* RE: [PATCH] acpi-cpufreq: Use IA32_APERF and IA32_MPERF and get freq feedback from hardware
@ 2006-09-25 14:41 Pallipadi, Venkatesh
2006-09-25 16:02 ` Erik Slagter
0 siblings, 1 reply; 7+ messages in thread
From: Pallipadi, Venkatesh @ 2006-09-25 14:41 UTC (permalink / raw)
To: Erik Slagter, cpufreq
>-----Original Message-----
>From: cpufreq-bounces@lists.linux.org.uk
>[mailto:cpufreq-bounces@lists.linux.org.uk] On Behalf Of Erik Slagter
>Sent: Monday, September 25, 2006 6:14 AM
>To: cpufreq@www.linux.org.uk
>Subject: Re: [PATCH] acpi-cpufreq: Use IA32_APERF and
>IA32_MPERF and get freq feedback from hardware
>
>Venkatesh Pallipadi wrote:
>>
>> Enable ondemand governor and acpi-cpufreq to use IA32_APERF
>and IA32_MPERF MSR
>> to get active frequency feedback for the last sampling
>interval. This will
>> make ondemand take right frequency decisions when hardware
>coordination of
>> frequency is going on.
>
>Does this mean there is actually no real clean approach to
>determine the
>current cpu speed?
>
The problem is, a lot of times current frequency may not mean much as
frequency can change immediately after one get frequency call or
immediately before we did the call. The freuency can change
asynchronously due to number of reasons like hardware coordination, TM2
and get frequency will not help to get frequency over a period of time.
Also, there is no call back from hardware when frequency changes
asynchronously. So, getting average frequency over a period of time is
the best we can do in order to use the utilization in that period and
make some frequency target decision for next sampling period.
Thanks,
Venki
^ permalink raw reply [flat|nested] 7+ messages in thread
* Re: [PATCH] acpi-cpufreq: Use IA32_APERF and IA32_MPERF and get freq feedback from hardware
2006-09-25 14:41 [PATCH] acpi-cpufreq: Use IA32_APERF and IA32_MPERF and get freq feedback from hardware Pallipadi, Venkatesh
@ 2006-09-25 16:02 ` Erik Slagter
0 siblings, 0 replies; 7+ messages in thread
From: Erik Slagter @ 2006-09-25 16:02 UTC (permalink / raw)
To: Pallipadi, Venkatesh; +Cc: cpufreq
Pallipadi, Venkatesh wrote:
> The problem is, a lot of times current frequency may not mean much as
> frequency can change immediately after one get frequency call or
> immediately before we did the call.
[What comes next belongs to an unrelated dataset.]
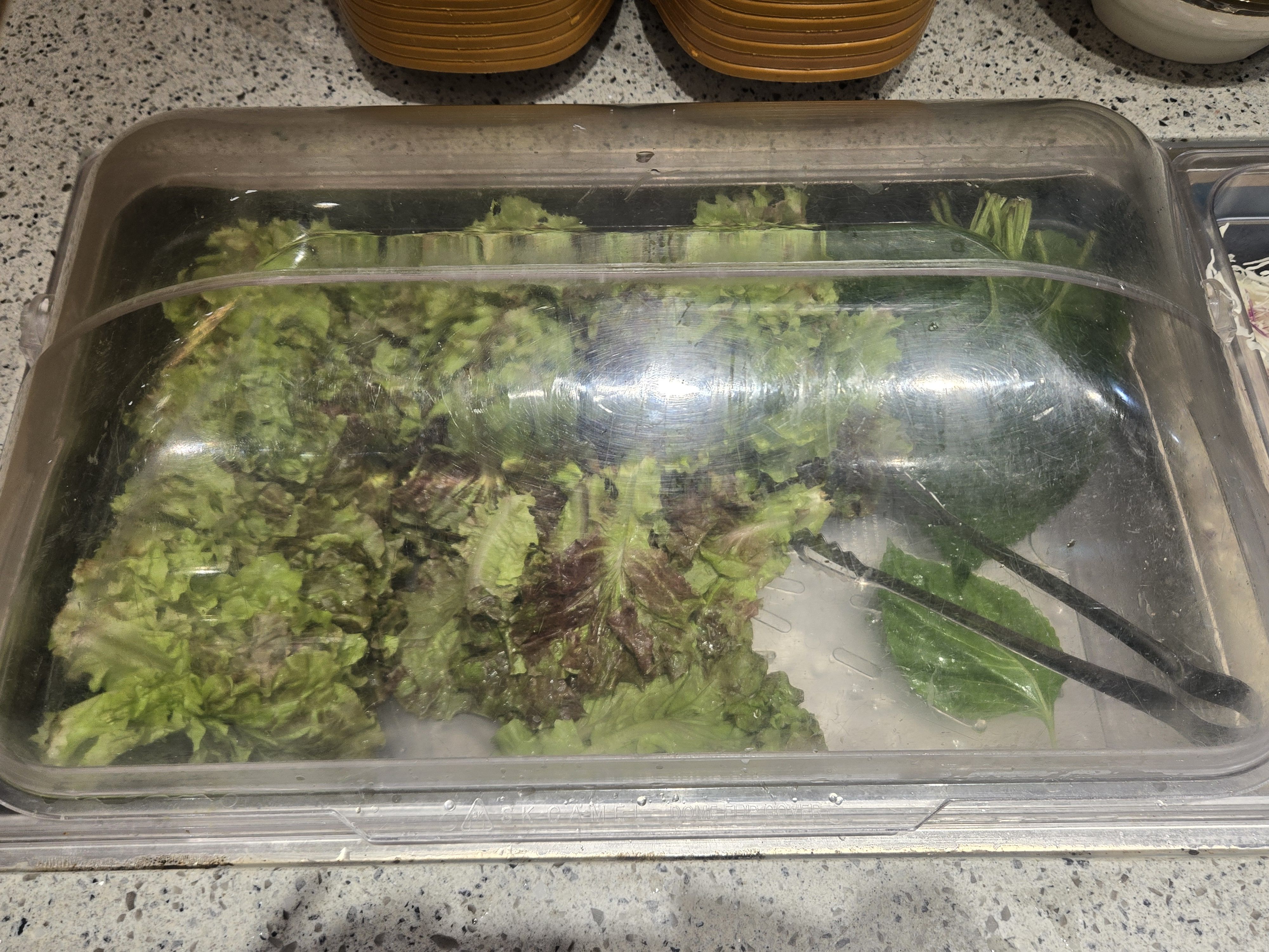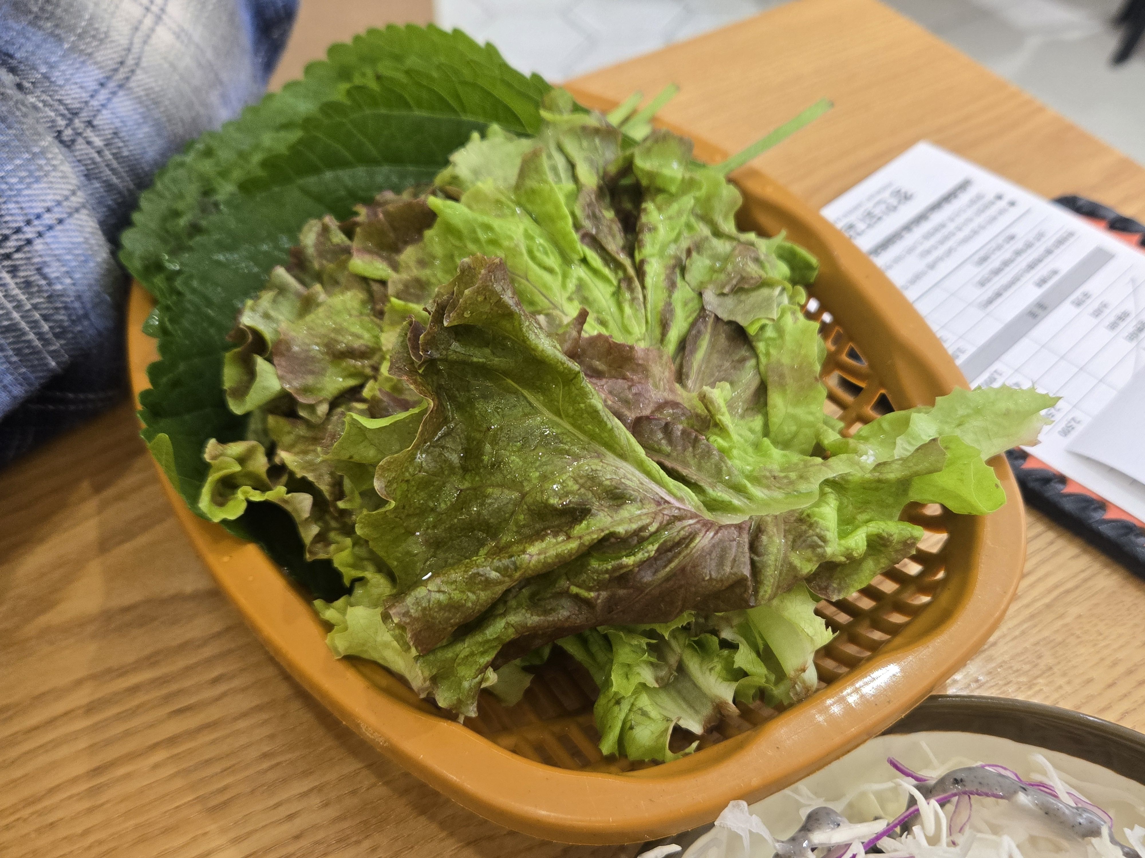 저는 양배추샐러드랑 상추, 깻잎, 쌈무를 담아왔어요.
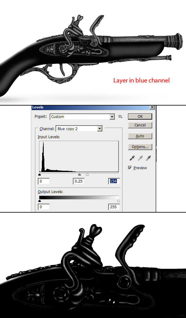 We are about to finish this tutorial, now we need to add some finer details. First we will add a sharp light reflection in gold texture for this go to the channel palate and click on each channel separately to check if image have enough contrast. Here our image have high contrast in blue channel hence, duplicate blue channel and press Ctrl + L to access level adjustment window and apply these settings; 0, 0.25, 154.

The freuency can change
> asynchronously due to number of reasons like hardware coordination, TM2
> and get frequency will not help to get frequency over a period of time.
> Also, there is no call back from hardware when frequency changes
> asynchronously. So, getting average frequency over a period of time is
> the best we can do in order to use the utilization in that period and
> make some frequency target decision for next sampling period.
I get your drift ;-)
Actually what I am interested in is this:
- spotting frequency switching by tm2 because I suspect my processor
might be running hot sometimes (a little overlocking ;-))
- seeing the actual running frequency, as this may not be the value the
processor is set for (again, an overclocking issue, I know).
After booting the value in /proc/cpuinfo is correct, related to the
frequency the cpu is actually set to. After a switch by cpufreq, only
the "standard" values are shown there, although performance shows the
cpu is still running at it's higher clock.
BTW I also noticed that on a CPU with C1e the performance increases when
the acpi-cpufreq module is loaded and set to ondemand. Could it be that
the module can make smarter decisions than the processor itself? Does
the module override the C1e functionality, actually? Output of the sys
stats directorie shows indeed correct switching to lower speed when idle.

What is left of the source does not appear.